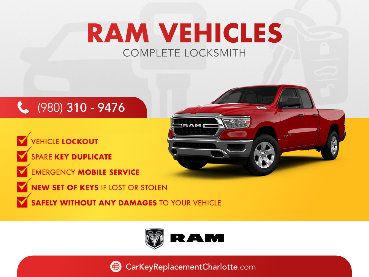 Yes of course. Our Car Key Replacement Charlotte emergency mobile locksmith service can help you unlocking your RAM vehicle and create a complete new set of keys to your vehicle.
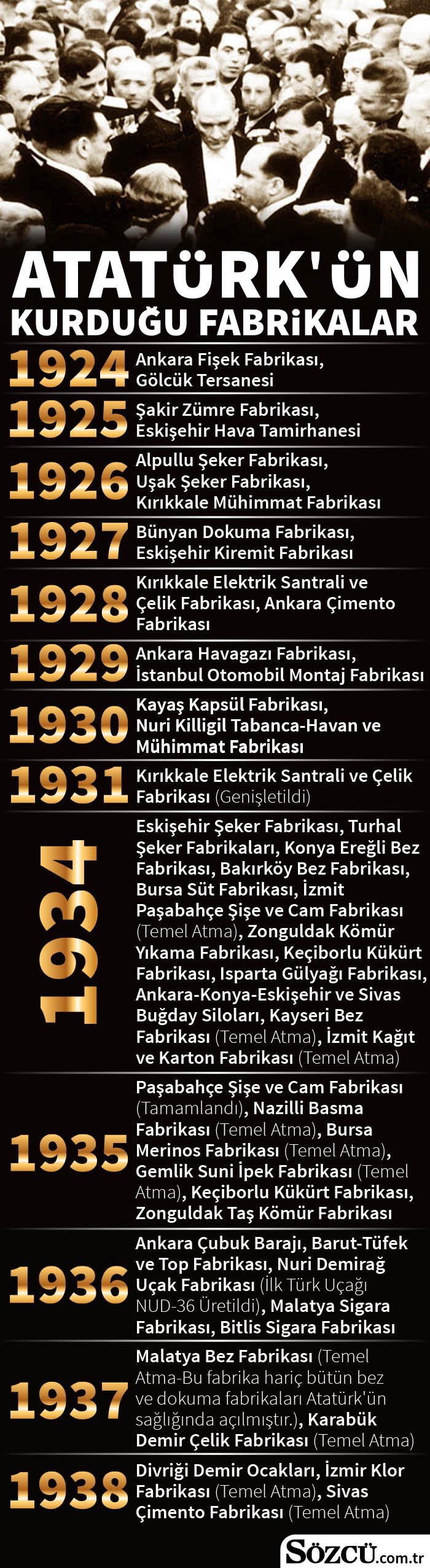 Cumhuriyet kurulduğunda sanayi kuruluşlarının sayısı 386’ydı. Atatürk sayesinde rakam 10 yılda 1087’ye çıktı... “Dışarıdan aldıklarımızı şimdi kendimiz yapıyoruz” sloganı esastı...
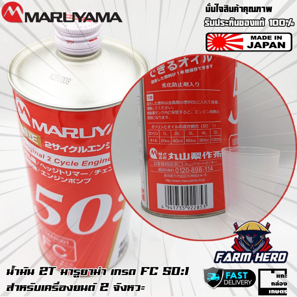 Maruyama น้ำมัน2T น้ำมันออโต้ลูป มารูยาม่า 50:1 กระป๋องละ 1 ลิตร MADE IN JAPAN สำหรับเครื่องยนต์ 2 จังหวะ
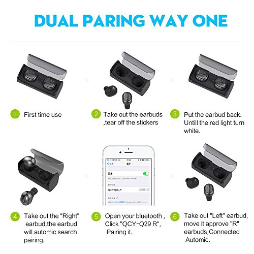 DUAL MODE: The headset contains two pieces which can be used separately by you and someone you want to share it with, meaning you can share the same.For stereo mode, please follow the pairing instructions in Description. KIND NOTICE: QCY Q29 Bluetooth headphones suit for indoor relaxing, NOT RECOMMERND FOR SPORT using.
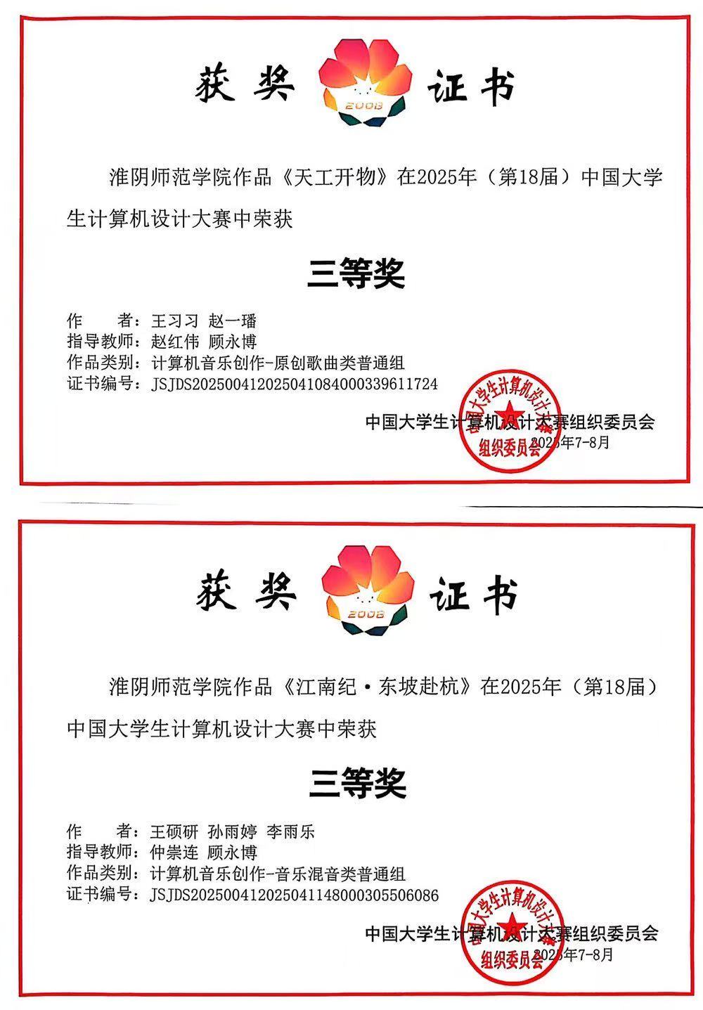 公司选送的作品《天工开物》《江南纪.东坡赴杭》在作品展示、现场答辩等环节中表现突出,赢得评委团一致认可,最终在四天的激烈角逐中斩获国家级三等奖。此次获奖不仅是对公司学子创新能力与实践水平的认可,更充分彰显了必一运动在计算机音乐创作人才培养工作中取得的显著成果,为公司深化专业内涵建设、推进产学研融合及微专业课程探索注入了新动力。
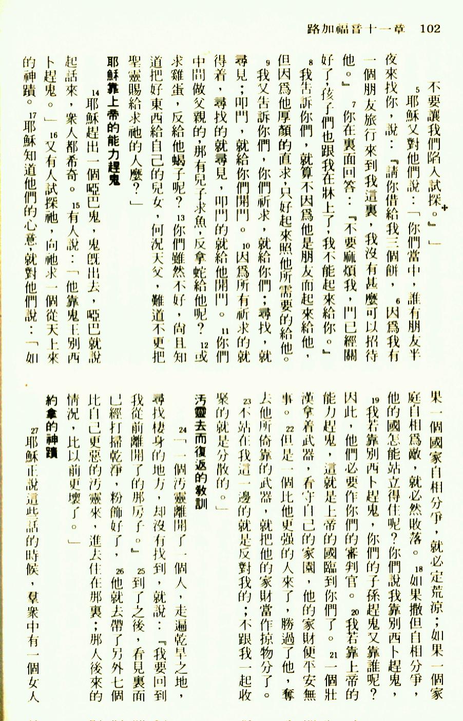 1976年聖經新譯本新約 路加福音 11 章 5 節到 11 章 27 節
________________________________________
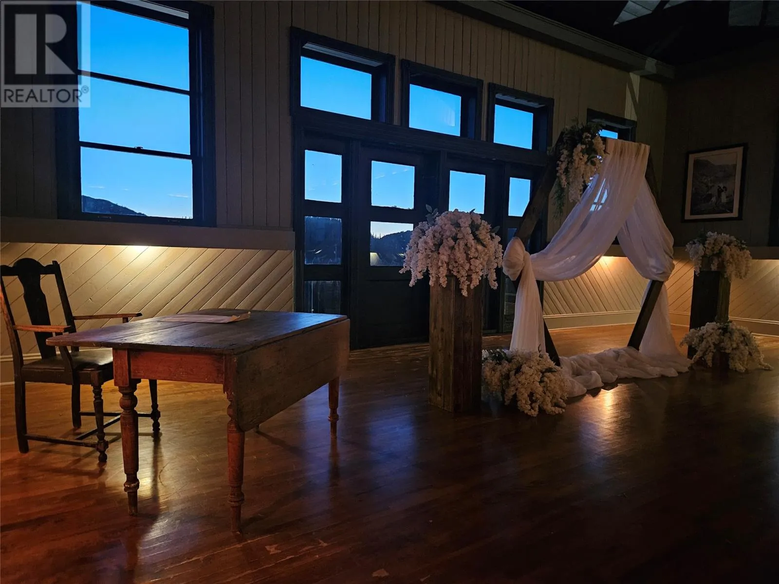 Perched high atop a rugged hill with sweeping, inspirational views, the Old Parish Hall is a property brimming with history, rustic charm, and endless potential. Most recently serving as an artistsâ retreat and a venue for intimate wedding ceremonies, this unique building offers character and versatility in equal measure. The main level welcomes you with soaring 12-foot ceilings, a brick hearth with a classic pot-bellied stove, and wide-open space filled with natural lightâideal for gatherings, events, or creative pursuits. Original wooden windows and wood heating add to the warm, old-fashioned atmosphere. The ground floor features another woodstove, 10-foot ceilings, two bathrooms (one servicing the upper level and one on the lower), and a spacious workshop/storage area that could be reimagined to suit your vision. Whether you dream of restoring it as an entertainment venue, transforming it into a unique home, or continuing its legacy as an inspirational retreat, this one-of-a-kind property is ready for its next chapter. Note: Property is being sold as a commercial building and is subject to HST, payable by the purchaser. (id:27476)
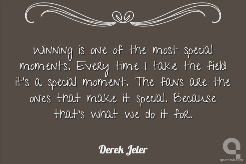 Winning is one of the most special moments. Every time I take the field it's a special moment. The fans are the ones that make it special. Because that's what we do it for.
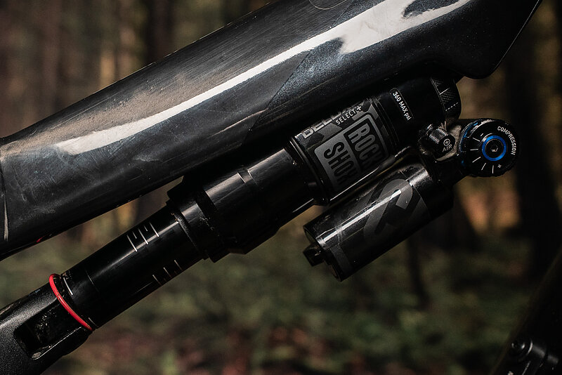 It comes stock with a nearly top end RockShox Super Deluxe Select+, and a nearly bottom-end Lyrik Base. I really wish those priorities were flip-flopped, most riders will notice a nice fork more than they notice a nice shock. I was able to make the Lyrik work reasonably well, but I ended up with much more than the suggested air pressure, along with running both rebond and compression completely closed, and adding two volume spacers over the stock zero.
________________________________________
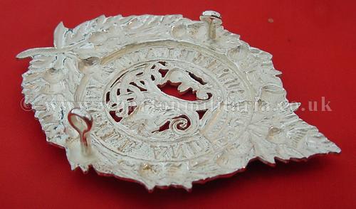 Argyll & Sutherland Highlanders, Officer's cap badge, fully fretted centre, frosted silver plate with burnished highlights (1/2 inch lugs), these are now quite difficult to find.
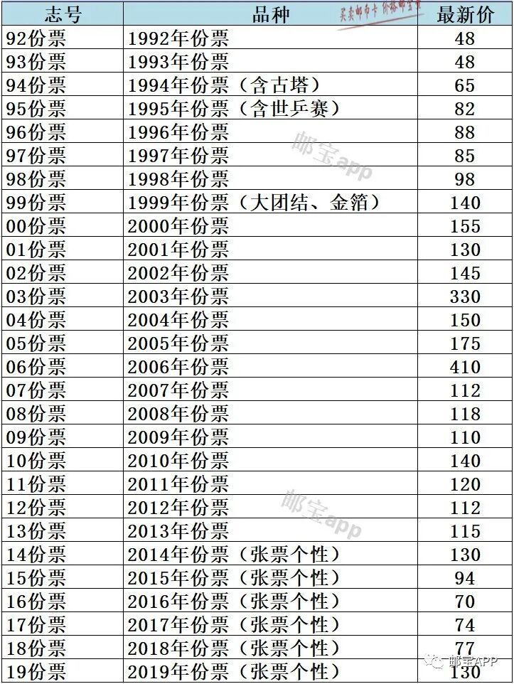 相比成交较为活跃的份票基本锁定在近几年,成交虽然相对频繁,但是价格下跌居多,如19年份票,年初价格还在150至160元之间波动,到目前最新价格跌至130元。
________________________________________
• _Try it_
Your answer must be the exact lines from the records above, from the one containing "Yes of course." through the one containing "Maruyama น้ำมัน2T น้ำมันออโต้ลูป", both included, with every picture left out.

• _Response to the exercise_
 Yes of course. Our Car Key Replacement Charlotte emergency mobile locksmith service can help you unlocking your RAM vehicle and create a complete new set of keys to your vehicle.
 Cumhuriyet kurulduğunda sanayi kuruluşlarının sayısı 386’ydı. Atatürk sayesinde rakam 10 yılda 1087’ye çıktı... “Dışarıdan aldıklarımızı şimdi kendimiz yapıyoruz” sloganı esastı...
 Maruyama น้ำมัน2T น้ำมันออโต้ลูป มารูยาม่า 50:1 กระป๋องละ 1 ลิตร MADE IN JAPAN สำหรับเครื่องยนต์ 2 จังหวะ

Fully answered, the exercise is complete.